In retrospect, I really let the nausea get out of control before finally taking a Zofran yesterday, but by then it was too late. Barfing was inevitable.
I think I was in denial about the nausea. I kept thinking that I couldn't be nauseated (even while I was holding my breath and pressing my hand to my mouth to hold back the tide) because nausea wasn't supposed to be a problem with this chemo. The paperwork didn't stress nausea, and the doctor and nurses only mentioned having anti-nausea meds on hand once.
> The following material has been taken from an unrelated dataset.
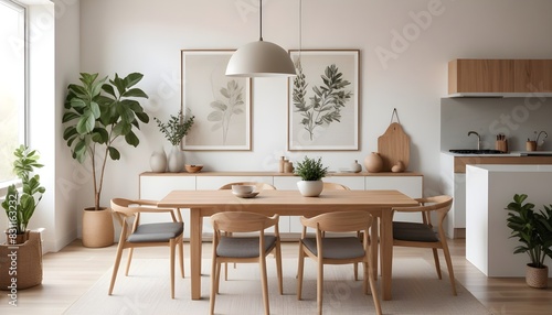 Living room of dining room interior with mock up poster frame, stylish table, rattan chair, wooden kitchen island, plants, kitchen hood and personal accessories. Home decor. Template. 3D Render

Maybe I have had so much chemo, I'm easily nauseated. Nice.
Plus, I only took Zofran because Lou suggested it. My first reaction was like, "What? No." but then I thought, "Hmmm, he's usually right..." (Isn't that sweet? Isn't that what every husband wants his wife to think?)
Today will be different! This weekend, the nausea arrived after every meal, so I have delayed eating breakfast till now. I am eating a half bowl of wimpy cereal as I type. Awhile ago, with my morning bucket of tea, I took a Compazine (another anti-nausea drug) with all my regular morning pills. I hope that Compazine + Small Breakfast = Zero Nausea.
Alas, the Compazine usually makes me sleepy. I could probably use some extra sleep.
So I am going to work from home today, just in case. I do not relish the prospect of running down that long hallway to the ladies room if I suddenly have to throw up. I guess the better idea would be to just barf in my waste basket in my office and then casually stroll down the hall to the ladies room.